“They betrayed their oath to first do no harm,” wrote Health and Human Services Secretary Robert F. Kennedy Jr. of the medical establishment, as part of the agency’s release of a peer-reviewed report confirming the obvious: the “gender affirming” model of care is dangerous.
“[T]heir so-called ‘gender-affirming care’ has inflicted lasting physical and psychological damage on vulnerable young people. That is not medicine — it’s malpractice,” Kennedy continued.
Unfortunately, I know this all too well, having been a victim of this medical scandal myself. When I was still a teenager, my doctors told me that testosterone injections and a double mastectomy would cure the mental illness I struggled with. I was trying to escape womanhood, but, of course, having my body chemically and surgically altered did nothing to heal me from the sexual assault I had experienced, cure me of the eating disorder I had developed, or treat my depression and anxiety diagnoses.
All it did was leave me with vaginal and pelvic atrophy and a devastated endocrine system, my body never having completed puberty and rendered incapable of breastfeeding my son.
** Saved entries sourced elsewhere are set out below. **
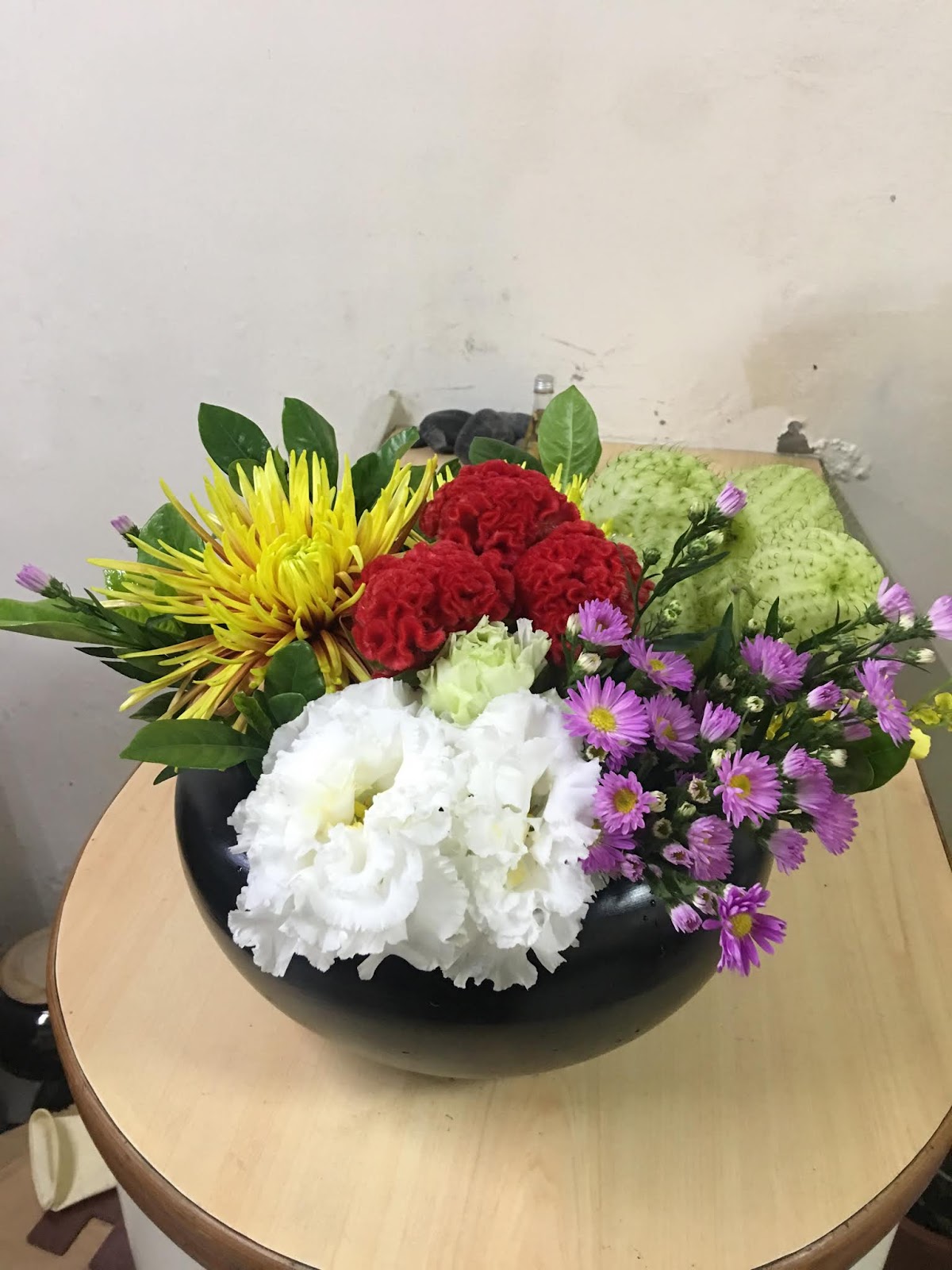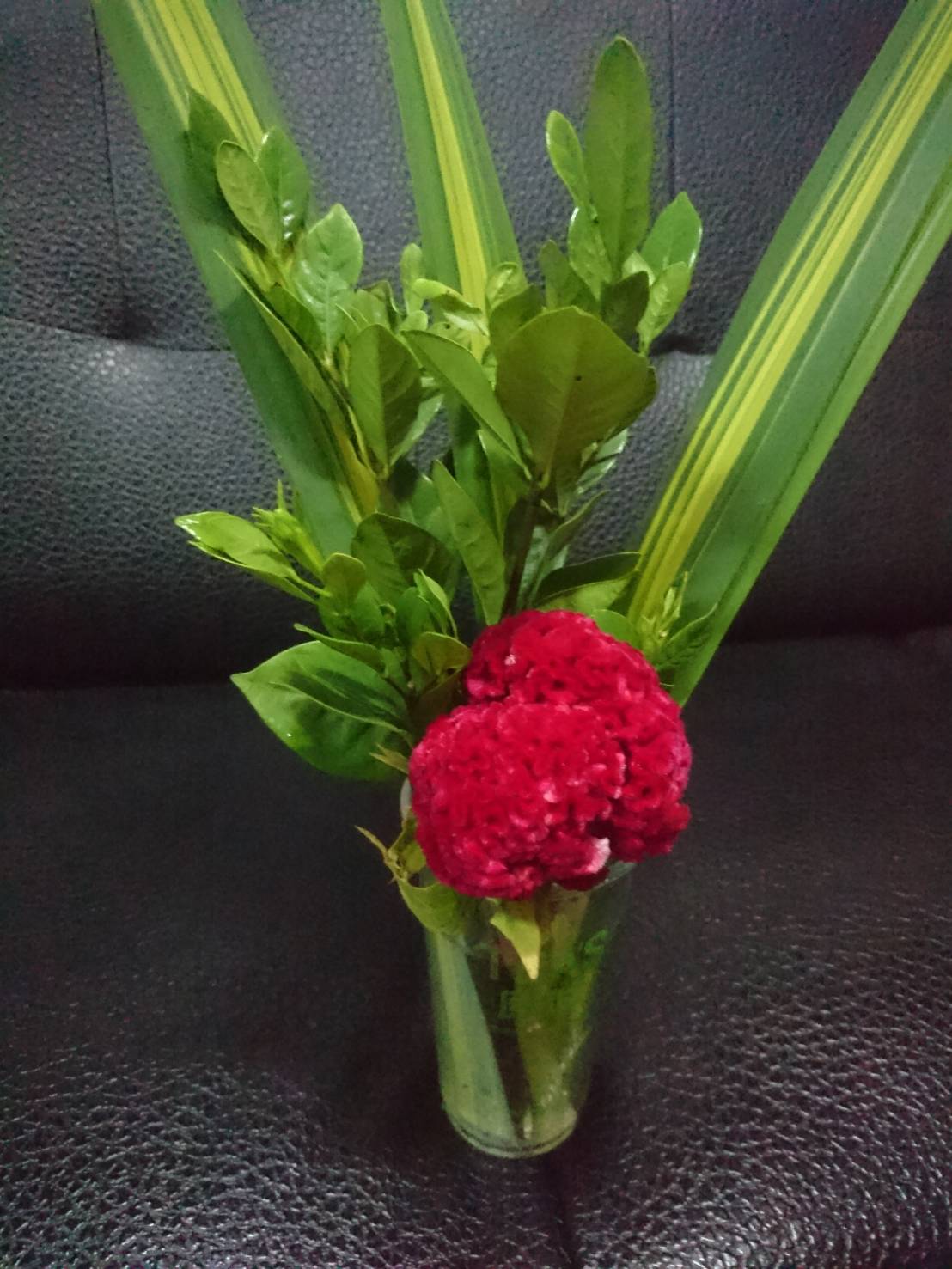 雞冠花-紅 3 、梔子葉 1/4把
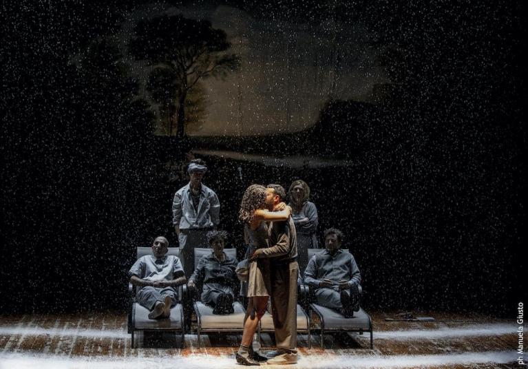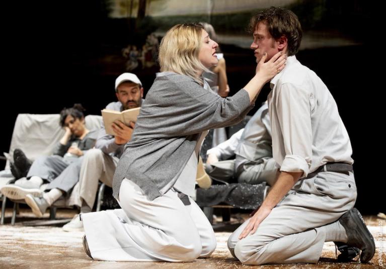Kostja il giovane scrittore che sogna un’arte nuova, una vita differente, ama Nina e scrive per lei un dramma di simbolistici trasalimenti e risonanze. E si scaglia, come Amleto, contro la madre vedova, attrice famosa, amante del vanesio scrittore Trigorin, odiata più che per l’oblio del padre perché lei, Arkadina, tradisce ogni giorno l’arte con l’esibizione di sé. Intorno vegeta un sottobosco di personaggi di una provincia immobile, esausta, che assiste disincantata alla rappresentazione simbolista sul lago, qui con lo sfondo di un dipinto di Lorrain. Maestri di scuola senza speranza, signorine deluse nei loro amori e pronte a una sistemazione di ripiego, possidenti e amministratori, dottori idealisti ma disincantati vivacchiano, spossati, distesi su grigi lettini a sdraio, in vari momenti spostati per disporre differentemente il coro e i protagonisti via via che ne emergono, in una ripetizione asmatica di frasi, malesseri, esibizioni, naufragi. Kostja, con Nina, nel precario teatrino all’aria aperta, sotto la luna, cerca “forme nuove”, incontrando l’incomprensione e la derisone degli altri, ancorati a un teatro (e a una vita) di routine. La madre guarda dall’alto i tentativi del figlio, per poi trovarsi, impotente, a vedere il suo vacuo scrittore flirtare con Nina. È un affondo questo testo, e questo allestimento, negli umori di un’arte che vorrebbe cambiare il mondo, di una gioventù che vorrebbe realizzarsi, rinnovare, e si infrange contro l’indifferenza, la rassegnazione, il dolore cinico degli adulti. Una storia contemporanea.
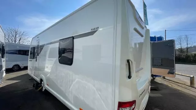 The 2022 Swift Challenger 560 SE is a popular 4 berth, single axle touring caravan featuring a desirable rear island bed and mid washroom layout. Built with SMART construction, it includes Alde wet central heating, a solar panel, and a well-equipped kitchen. It is designed for luxury touring, suitable for couples or families.
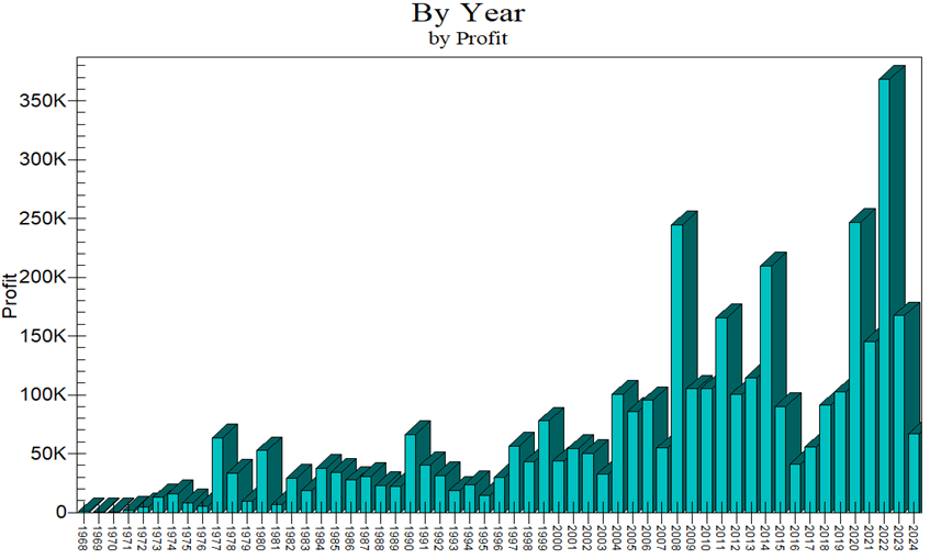 Wer bereits gängige Ausbruchs- und Trendstrategien gehandelt hat, weiß, dass diese eine hohe Fehler- und geringe Trefferquote von meist etwa 30% aufweisen. Zudem sind sie zwar einerseits lukrativ (weil mit Trends eben großes Geld zu verdienen ist), aber sie verursachen üblicherweise auch große Schwankungen. Ganz anders unser RW Miracles: hier haben wir in 55 Jahren Historie niemals mehr, als 28.306$ Draw Down gehabt. Selbst in der jüngsten Vergangenheit (2022/23), als selbst die Top-Strategien aus unserem Fundus größere Draw Downs hatten und diese sich ausgeweitet haben, bleib im RW Miracles alles, wie es schon immer war. Die Trefferquote liegt bei sagenhaften 67,6%!!! Und das bei einem Breakout-Ansatz! Mit nur 3% Investitionszeit ist dein Handelskapital die restlichen 97% der Zeit für andere Strategien frei. 2080$ durchschnittlicher Gewinn pro Trade zeigen absolute Robustheit und Effizienz des Ansatzes. Änderungen in den Börsengebühren oder dergleichen können der Strategie nichts anhaben.
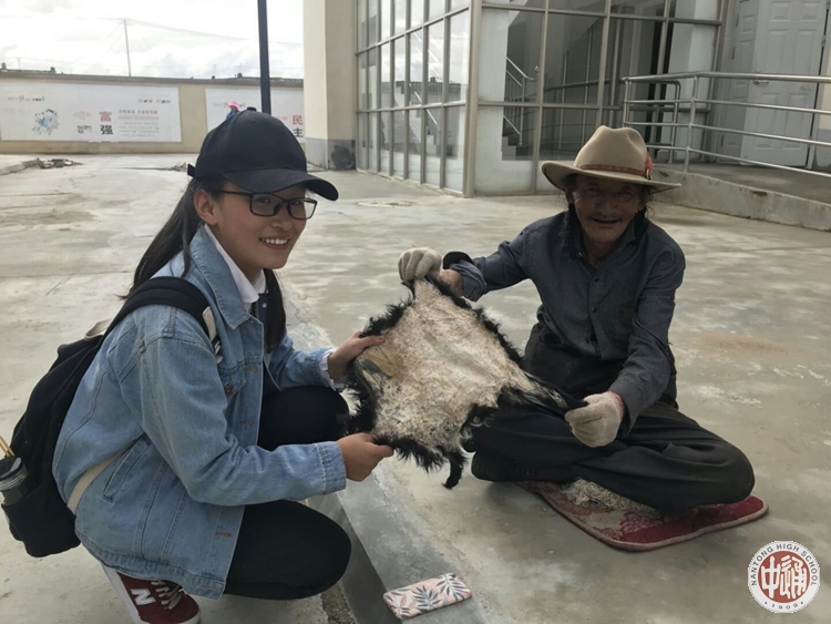 让我印象深刻的是一位揉羊皮(做传统藏服前的工序)的老人,他看见我们很热情地打招呼,特别给我们讲解了许多关于这方面的知识,让我们大开眼界。在这位老人的身上,我们感觉不到没有家人陪伴的孤独感,看到的是在养老院精心照顾下做着自己喜欢的事的老人家的形象。
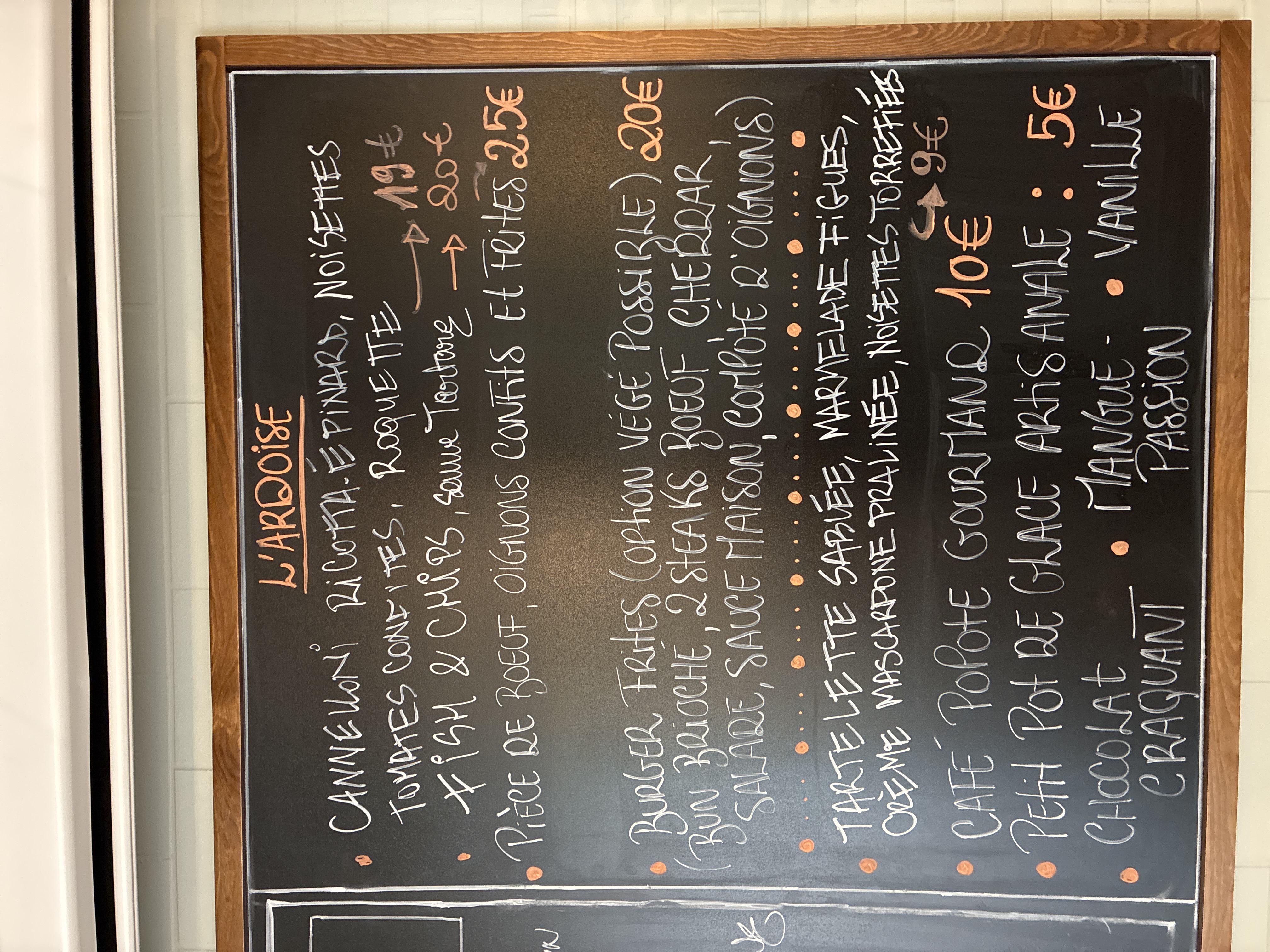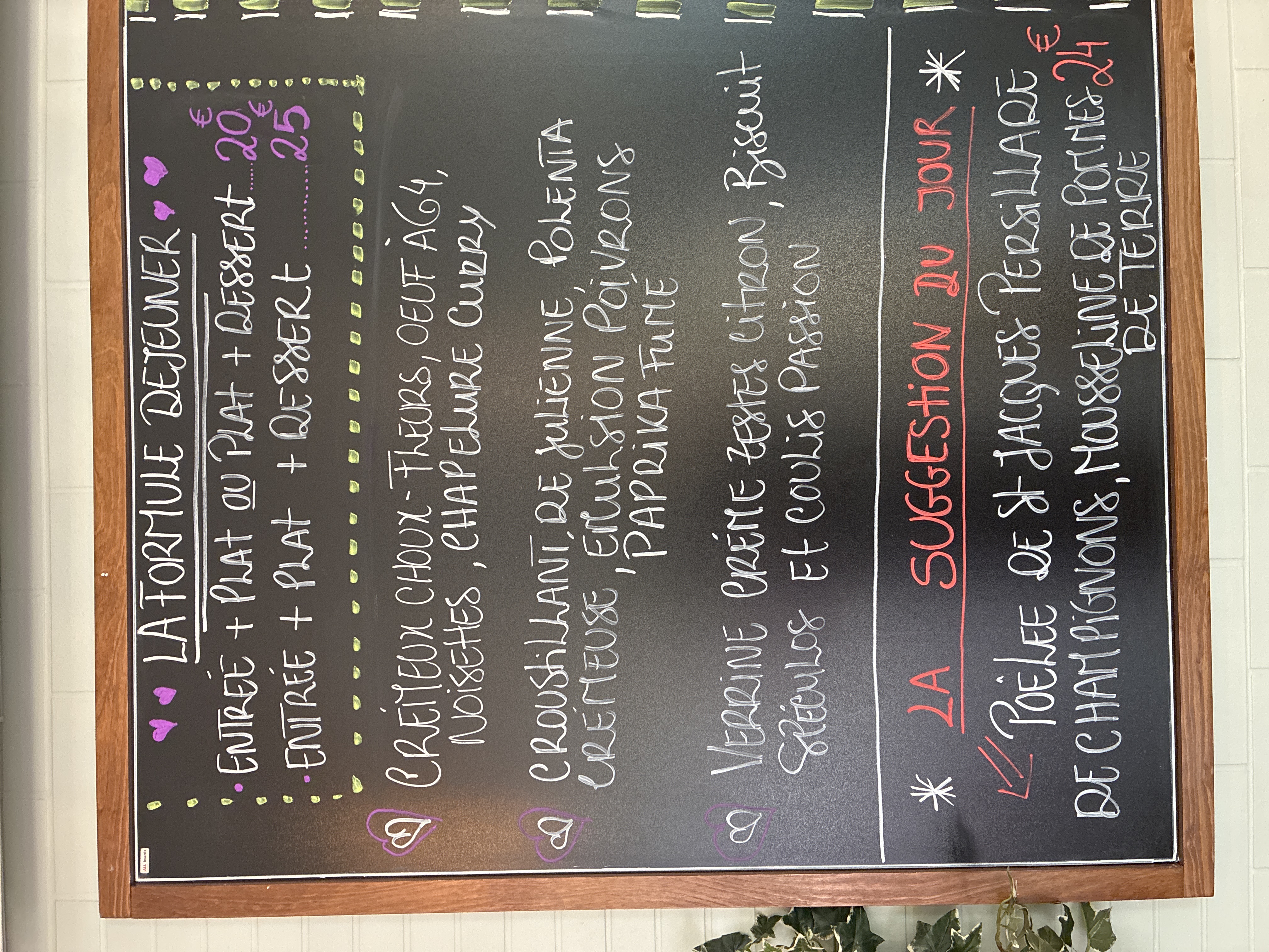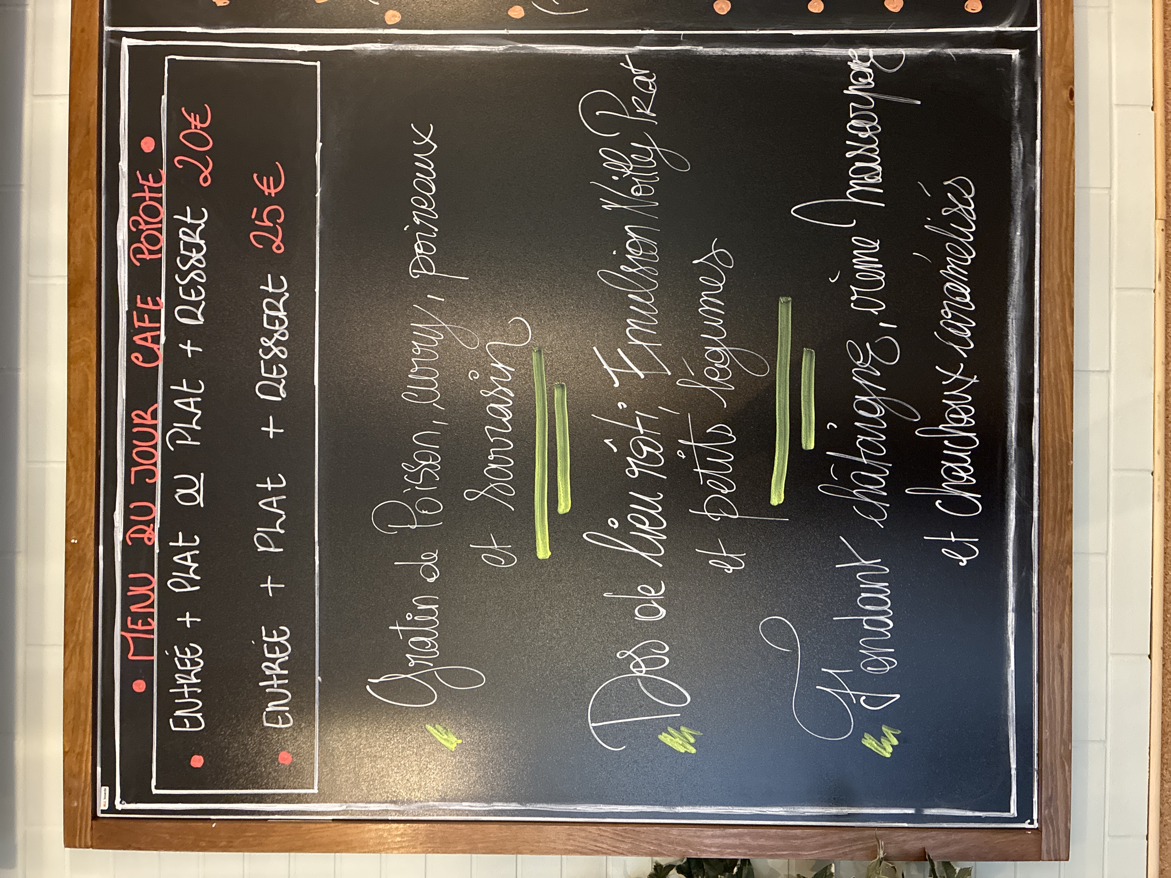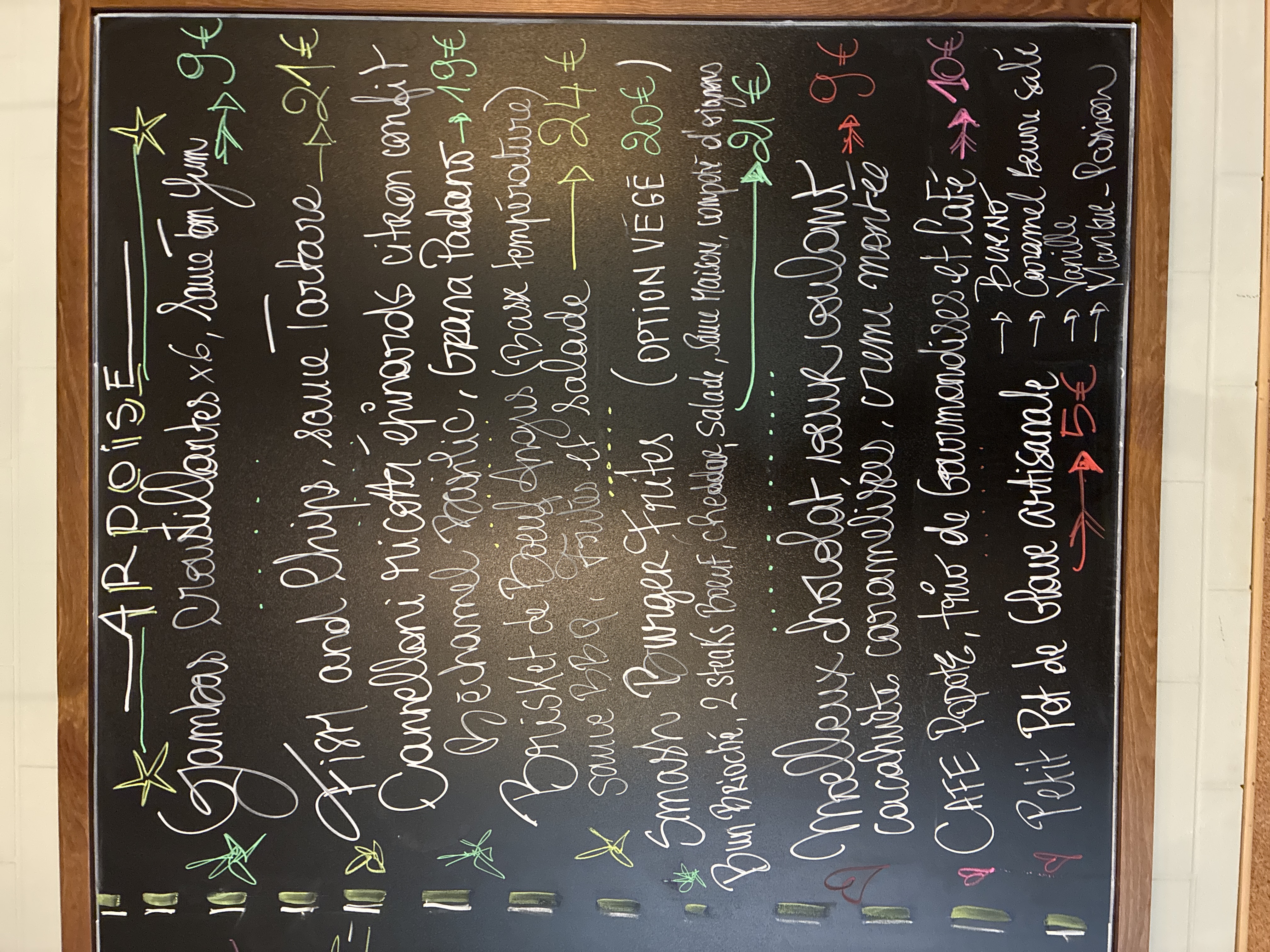 Nous proposons une ardoise courte qui change régulierement avec les produits du moment, en fonction de la pêche et des légumes de saison. Nous favorisons le local

The HHS report was actually released in draft form earlier this year, but today’s version contains the final form, which has been officially peer-reviewed. It also includes the names of the authors, which were previously withheld so that they would not be threatened or intimidated, as researchers in this field often are if they don’t kowtow to the activist party line.
Unlike these brave researchers, the American Academy of Pediatrics (AAP) and the Endocrine Society, both of which were invited by HHS to participate in the peer review process, declined any involvement. Both organizations have pushed the mutilation of minors like myself and have, alongside the rest of the medical establishment, a lot to lose if their malpractice is called out for what it is.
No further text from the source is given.